Here is the data sheet for Kodak Professional Supra Endura VC Digital Paper ... unless I just missed it, it doesn't seem to give any insight towards cleaning/care.

http://www.google.com/url?sa=t&source=web&cd=2&ved=0CBsQFjAB&url=http%3A%2F%2Fwww.kodak.com%2Fglobal%2Fen%2Fprofessional%2Fsupport%2FtechPubs%2Fe4042%2FE4042.pdf&rct=j&q=vc%20digital%20paper&ei=VBBjTa3CIYKs8AbdwIWKDA&usg=AFQjCNGw2CBo8vtA8O5ivsXoKLskyznrpw&sig2=tgej0xp6pZbae6Fw4YTkwA&cad=rja


edit
Oops ... wrong paper.  This is the right paper:

http://www.google.com/url?sa=t&sour...2WzJxKHNw&sig2=u9pUc7EOd_AhFSFvxd0bHg&cad=rja


----------



## Josh66 (Feb 21, 2011)

Does that help at all?

I'm thinking all I have to do is get it wet and let it dry, but the film cleaner may do that better than water...


----------



## Images (Feb 22, 2011)

I am a bit nervous about giving advice on a subject like this without being able to inspect the material.
But as I understand it you have a resin coated paper.
If this is so and the emulsion is not damaged you should be able to submerse the print in water, preferably distilled water, agitate it, which should clean it.
If the emulsion is not damaged by whatever you spilled on it you could then remove the excess water from the surface with a soft sponge and it will dry in minutes. I prefer to use a squeegee for this but you have to have the right squeegee or it will damage the emulsion, a sponge is safer.
Do not over do it with the sponge, less is better.
I want to caution you that there a lot of if's involved in this and you are on your own.
In other words I am not guaranteeing anything.
Good Luck
Joe


----------



## Josh66 (Feb 22, 2011)

Thanks for the advice, Images.

Before I do anything, I think I'll test it on a corner, or even better - order a 4x6 on the same paper and use that for testing.

I won't be able to completely submerge the entire print due to the size ... I don't have a large enough sink - tub might work though...


----------



## Images (Feb 23, 2011)

Josh

Remember the emulsion on the paper will have to be uniformly saturated, the excess water removed, no puddles. 

I have used the tanks that are sold at stores for applying paste to wall paper to develop pics too large for my trays, the paper is dipped in to the tray in a seesaw fashion and thus agitated, that may be an option.

And again you are on your own, exercise good judgment.

Joe


----------



## thedoldrums (Mar 10, 2011)

Maybe you could try laying down in the bathtub?
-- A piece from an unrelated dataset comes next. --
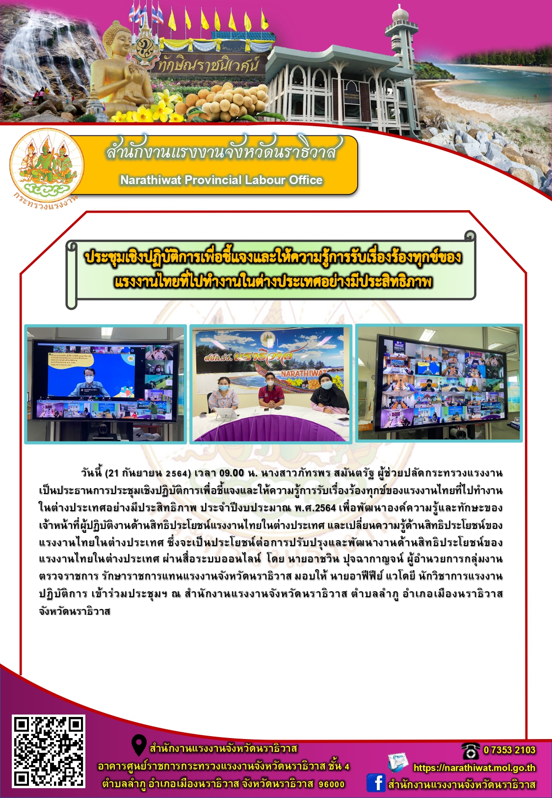 วันนี้ (21 กันยายน 2564) เวลา 09.00 น. นางสาวภัทรพร สมันตรัฐ ผู้ช่วยปลัดกระทรวงแรงงาน เป็นประธานการประชุมเชิงปฏิบัติการเพื่อชี้แจงและให้ความรู้การรับเรื่องร้องทุกข์ของแรงงานไทยที่ไปทำงานในต่างประเทศอย่างมีประสิทธิภาพ ประจำปีงบประมาณ พ.ศ.2564 เพื่อพัฒนาองค์ความรู้และทักษะของเจ้าหน้าที่ผู้ปฏิบัติงานด้านสิทธิประโยชน์แรงงานไทยในต่างประเทศ และเปลี่ยนความรู้ด้านสิทธิประโยชน์ของแรงงานไทยในต่างประเทศ ซึ่งจะเป็นประโยชน์ต่อการปรับปรุงและพัฒนางานด้านสิทธิประโยชน์ของแรงงานไทยในต่างประเทศ ผ่านสื่อระบบออนไลน์ โดย นายอาชวิน ปุจฉากาญจน์ ผู้อำนวยการกลุ่มงานตรวจราชการ รักษาราชการแทนแรงงานจังหวัดนราธิวาส มอบให้ นายอาฟีฟีย์ แวโดยี นักวิชาการแรงงานปฏิบัติการ เข้าร่วมประชุมฯ ณ สำนักงานแรงงานจังหวัดนราธิวาส ตำบลลำภู อำเภอเมืองนราธิวาส จังหวัดนราธิวาส

Obviously you'd want to rinse out the bathtub first, but, you know, it might make it possible for you to wash it. You could also get the back of the print wet so it adheres to a wall in the shower and then run water over it without any pressure (pouring it from a cup or something) for a few minutes.

I find that a simple re-washing almost always does the trick!


----------



## FoggyLens (Mar 10, 2011)

What about a plastic tote? You know the storage bins?


----------



## edwardmendes (Mar 10, 2011)

You may want to try PEC cleaning pads and solution.  It's made for photographic prints and is sold at most decent photographic supply stores.  If you can't find it locally try B&H, Calumet or Adorama, here is link to the solution and pads via B&H.


----------



## Josh66 (Mar 10, 2011)

Thanks for the tips, everyone!

I still haven't actually tried to clean it yet - I've been busy...
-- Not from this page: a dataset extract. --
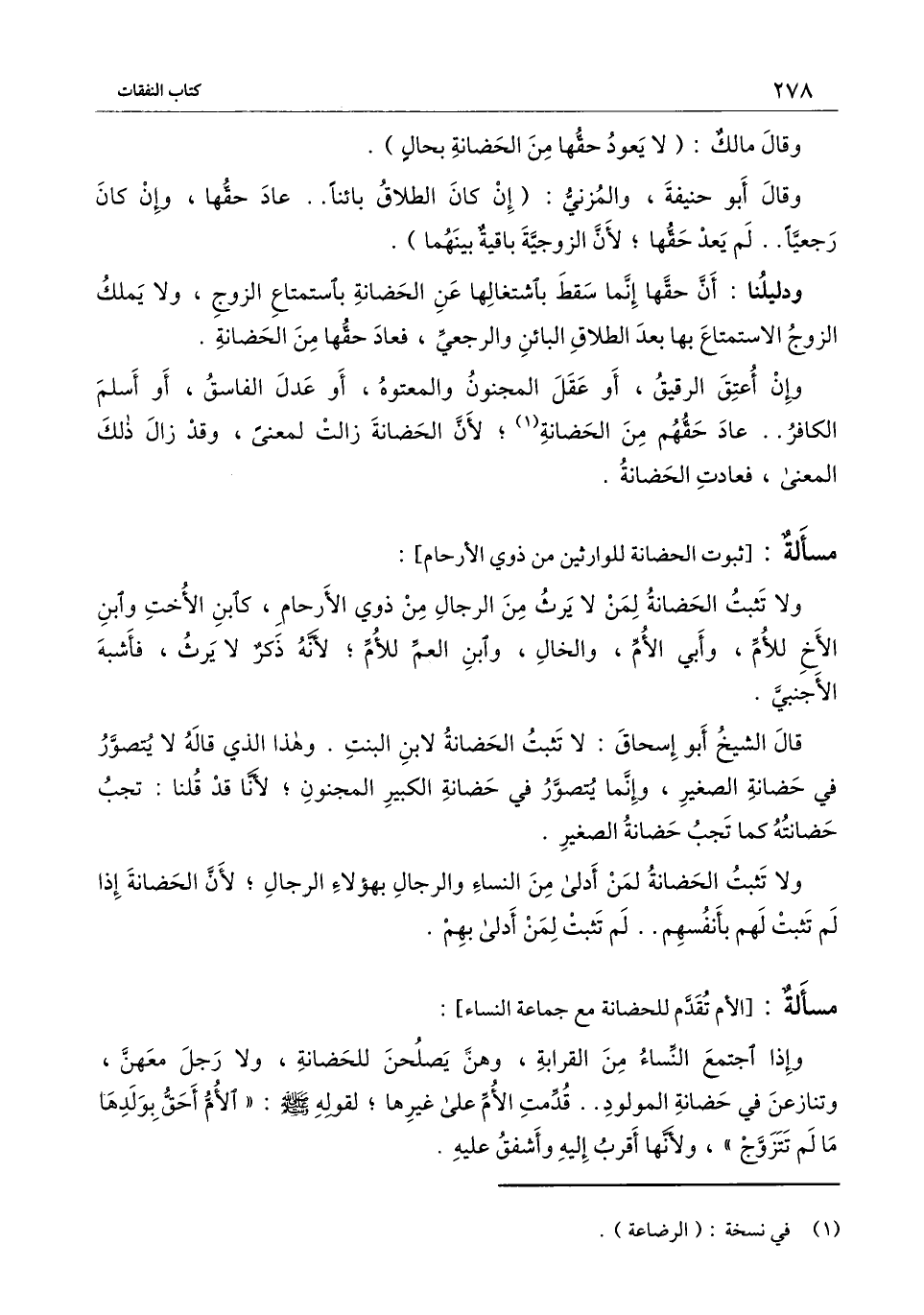 [مسألة الأم تقدم للحضانة مع جماعة النساء]

I do have so plastic totes, so I'll try that or the tub.


I have some PEC*PADs, but none of that solution.  It appears to be basically the same thing as film cleaner...?
B&H only sells it in the store though (no online orders).  I don't think they ship any ORM-D stuff - not sure why.  They don't sell any liquid developers online either...  I'll see if Freestyle has any.


----------